The path from raw data to intelligent behavior starts with acquisition and normalization. Change data capture (CDC) connects operational databases to streaming backbones; object stores provide durable, cheap history; and schema registries keep producers and consumers from drifting apart. Yet correctness is not just “schema matches.”
A modern contract encodes units, ranges, null semantics, and lineage, plus data-quality SLOs like freshness, completeness, and drift thresholds. In practice, each record carries provenance, source, timestamp, sensitivity tags, and is validated at ingress with executable rules. Privacy-by-design enters here: minimize fields, tokenize, or redact early, and attach residency constraints that follow the payload through pipelines.
Real-time feature engineering: streaming joins, windows, and CDC
Real-time feature engineering converts raw streams into decision-ready signals fast enough to influence live products. Instead of nightly ETL, systems compute features continuously using streaming joins, windowed aggregations, and change data capture (CDC) from source systems. Streaming joins align heterogeneous event streams, clicks, payments, inventory, on time and keys so models see coherent snapshots. Windows transform unbounded flows into bounded statistics such as counts, rates, or recency; session windows capture human behavior burst better than fixed intervals. CDC turns operational database mutations into ordered, replay able events, letting features reflect truth without hammering OLTP.
1. Streaming joins and time semantics
Streaming joins create a shared “now” across asynchronous sources, but correctness depends on time semantics. Event time respects when something happened; processing time reflects when the system saw it. Use event time with watermarks so engines wait long enough for stragglers without stalling indefinitely. Choose join types deliberately: inner for high precision, left/outer to preserve sparse keys, interval and temporal-table joins to bind facts to the valid at the event’s timestamp. Prevent skewing by partitioning on composite keys and salting hot partitions.

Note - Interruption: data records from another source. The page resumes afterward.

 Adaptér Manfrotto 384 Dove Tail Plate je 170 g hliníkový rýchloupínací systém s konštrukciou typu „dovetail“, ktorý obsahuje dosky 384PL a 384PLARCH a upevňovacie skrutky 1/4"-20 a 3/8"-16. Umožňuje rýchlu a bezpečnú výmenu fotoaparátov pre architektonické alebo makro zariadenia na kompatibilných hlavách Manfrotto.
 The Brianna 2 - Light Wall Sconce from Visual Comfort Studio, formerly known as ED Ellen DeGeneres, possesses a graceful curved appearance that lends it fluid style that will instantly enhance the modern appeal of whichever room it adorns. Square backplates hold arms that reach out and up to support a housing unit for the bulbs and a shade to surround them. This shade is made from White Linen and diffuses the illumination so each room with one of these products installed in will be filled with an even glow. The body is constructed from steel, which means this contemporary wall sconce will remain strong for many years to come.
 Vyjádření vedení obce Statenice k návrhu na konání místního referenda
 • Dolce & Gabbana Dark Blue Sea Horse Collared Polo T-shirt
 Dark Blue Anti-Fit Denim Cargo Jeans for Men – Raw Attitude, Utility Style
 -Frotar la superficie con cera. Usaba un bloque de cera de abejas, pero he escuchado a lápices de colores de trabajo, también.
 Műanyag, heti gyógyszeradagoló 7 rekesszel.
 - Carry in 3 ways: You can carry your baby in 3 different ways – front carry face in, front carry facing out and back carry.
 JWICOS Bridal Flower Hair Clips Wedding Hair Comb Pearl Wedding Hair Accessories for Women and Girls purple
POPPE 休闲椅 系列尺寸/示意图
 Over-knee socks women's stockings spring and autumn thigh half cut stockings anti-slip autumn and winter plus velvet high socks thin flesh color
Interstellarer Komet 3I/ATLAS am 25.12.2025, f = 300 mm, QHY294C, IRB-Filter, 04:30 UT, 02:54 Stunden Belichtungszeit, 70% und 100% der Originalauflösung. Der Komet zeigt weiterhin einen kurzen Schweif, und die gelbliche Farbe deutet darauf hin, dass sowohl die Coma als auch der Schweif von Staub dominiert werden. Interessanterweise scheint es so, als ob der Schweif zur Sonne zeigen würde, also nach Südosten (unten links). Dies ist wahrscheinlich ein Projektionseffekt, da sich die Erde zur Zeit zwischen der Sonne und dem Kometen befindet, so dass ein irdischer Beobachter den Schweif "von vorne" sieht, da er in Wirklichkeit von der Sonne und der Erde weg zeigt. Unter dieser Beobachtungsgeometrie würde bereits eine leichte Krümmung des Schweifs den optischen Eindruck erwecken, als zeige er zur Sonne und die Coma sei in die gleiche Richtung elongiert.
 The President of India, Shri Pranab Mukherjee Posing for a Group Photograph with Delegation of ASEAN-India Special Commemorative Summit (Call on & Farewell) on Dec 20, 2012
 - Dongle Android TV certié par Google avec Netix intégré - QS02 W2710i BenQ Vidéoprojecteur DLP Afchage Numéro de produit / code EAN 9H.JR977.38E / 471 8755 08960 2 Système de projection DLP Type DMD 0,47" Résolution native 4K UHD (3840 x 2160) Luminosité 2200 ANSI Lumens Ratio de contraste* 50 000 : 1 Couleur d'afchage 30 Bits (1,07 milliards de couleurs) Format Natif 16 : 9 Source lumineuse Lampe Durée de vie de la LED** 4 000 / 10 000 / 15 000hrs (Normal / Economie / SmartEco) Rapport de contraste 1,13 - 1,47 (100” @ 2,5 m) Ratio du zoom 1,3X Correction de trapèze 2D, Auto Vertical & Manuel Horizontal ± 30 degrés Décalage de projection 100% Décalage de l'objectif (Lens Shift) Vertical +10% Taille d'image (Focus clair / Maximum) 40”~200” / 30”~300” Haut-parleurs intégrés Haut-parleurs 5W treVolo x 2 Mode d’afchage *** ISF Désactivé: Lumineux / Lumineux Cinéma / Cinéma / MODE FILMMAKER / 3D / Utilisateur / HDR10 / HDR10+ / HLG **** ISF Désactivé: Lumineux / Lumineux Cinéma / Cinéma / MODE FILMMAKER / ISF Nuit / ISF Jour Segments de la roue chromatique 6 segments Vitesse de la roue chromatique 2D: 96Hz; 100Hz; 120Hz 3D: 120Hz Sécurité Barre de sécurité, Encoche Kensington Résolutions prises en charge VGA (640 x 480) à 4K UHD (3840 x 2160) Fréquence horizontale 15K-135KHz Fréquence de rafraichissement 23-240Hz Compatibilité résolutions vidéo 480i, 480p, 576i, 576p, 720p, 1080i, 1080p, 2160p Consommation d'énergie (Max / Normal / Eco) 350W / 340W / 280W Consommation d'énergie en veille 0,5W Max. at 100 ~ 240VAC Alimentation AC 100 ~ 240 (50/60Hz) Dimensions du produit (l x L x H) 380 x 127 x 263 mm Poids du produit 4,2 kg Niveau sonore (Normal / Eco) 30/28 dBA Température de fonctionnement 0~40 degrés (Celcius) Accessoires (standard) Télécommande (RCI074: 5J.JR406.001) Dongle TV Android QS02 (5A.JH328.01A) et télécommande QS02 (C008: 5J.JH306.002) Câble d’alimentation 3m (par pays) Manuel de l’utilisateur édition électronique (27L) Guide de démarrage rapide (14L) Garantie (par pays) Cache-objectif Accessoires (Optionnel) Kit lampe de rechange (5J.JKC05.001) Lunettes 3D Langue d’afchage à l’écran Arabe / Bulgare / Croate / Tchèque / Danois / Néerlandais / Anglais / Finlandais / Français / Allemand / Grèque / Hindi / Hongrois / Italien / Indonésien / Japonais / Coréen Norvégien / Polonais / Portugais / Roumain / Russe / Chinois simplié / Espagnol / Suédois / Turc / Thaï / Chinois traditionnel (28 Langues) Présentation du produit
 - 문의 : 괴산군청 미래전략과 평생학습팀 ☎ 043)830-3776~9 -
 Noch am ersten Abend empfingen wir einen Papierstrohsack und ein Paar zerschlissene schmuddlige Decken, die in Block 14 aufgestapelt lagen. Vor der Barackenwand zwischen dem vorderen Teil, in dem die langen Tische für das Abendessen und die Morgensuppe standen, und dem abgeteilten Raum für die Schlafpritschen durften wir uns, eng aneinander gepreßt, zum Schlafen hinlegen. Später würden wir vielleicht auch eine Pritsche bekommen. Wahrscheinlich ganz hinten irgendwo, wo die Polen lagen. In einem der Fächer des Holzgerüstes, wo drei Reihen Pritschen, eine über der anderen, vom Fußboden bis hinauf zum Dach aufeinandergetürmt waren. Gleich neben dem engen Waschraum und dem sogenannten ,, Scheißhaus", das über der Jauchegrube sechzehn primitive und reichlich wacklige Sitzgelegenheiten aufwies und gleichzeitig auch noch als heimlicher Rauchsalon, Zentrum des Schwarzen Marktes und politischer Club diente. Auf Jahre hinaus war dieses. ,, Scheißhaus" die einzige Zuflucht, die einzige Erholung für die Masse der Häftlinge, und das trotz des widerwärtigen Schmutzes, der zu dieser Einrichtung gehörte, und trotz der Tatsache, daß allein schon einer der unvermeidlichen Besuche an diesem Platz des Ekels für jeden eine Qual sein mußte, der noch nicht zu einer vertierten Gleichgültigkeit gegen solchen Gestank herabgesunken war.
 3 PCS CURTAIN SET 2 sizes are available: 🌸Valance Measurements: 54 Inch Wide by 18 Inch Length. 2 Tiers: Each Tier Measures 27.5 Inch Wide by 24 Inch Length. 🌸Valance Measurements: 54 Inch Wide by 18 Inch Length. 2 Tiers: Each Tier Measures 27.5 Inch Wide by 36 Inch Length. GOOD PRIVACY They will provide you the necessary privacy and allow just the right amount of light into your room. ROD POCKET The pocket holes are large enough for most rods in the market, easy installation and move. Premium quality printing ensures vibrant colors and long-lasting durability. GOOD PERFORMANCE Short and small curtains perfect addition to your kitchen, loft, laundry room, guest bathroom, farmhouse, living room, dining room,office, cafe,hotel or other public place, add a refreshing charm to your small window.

2. Windows: tumbling, sliding, and session features
Windows convert infinite streams into bounded context. Tumbling windows produce non-overlapping aggregates ideal for reporting and stable rates; sliding windows track recency with overlap, improving sensitivity to change; session windows group bursts separated by inactivity, matching human behavior for personalization, fraud, and anomaly baselines. Define window size from model sensitivity and business latency budgets, not habit, short windows react quickly but increase variance, long windows smooth noise but lag. Use keyed state for per-entity windows and pre-aggregate with combiners to reduce shuffle cost.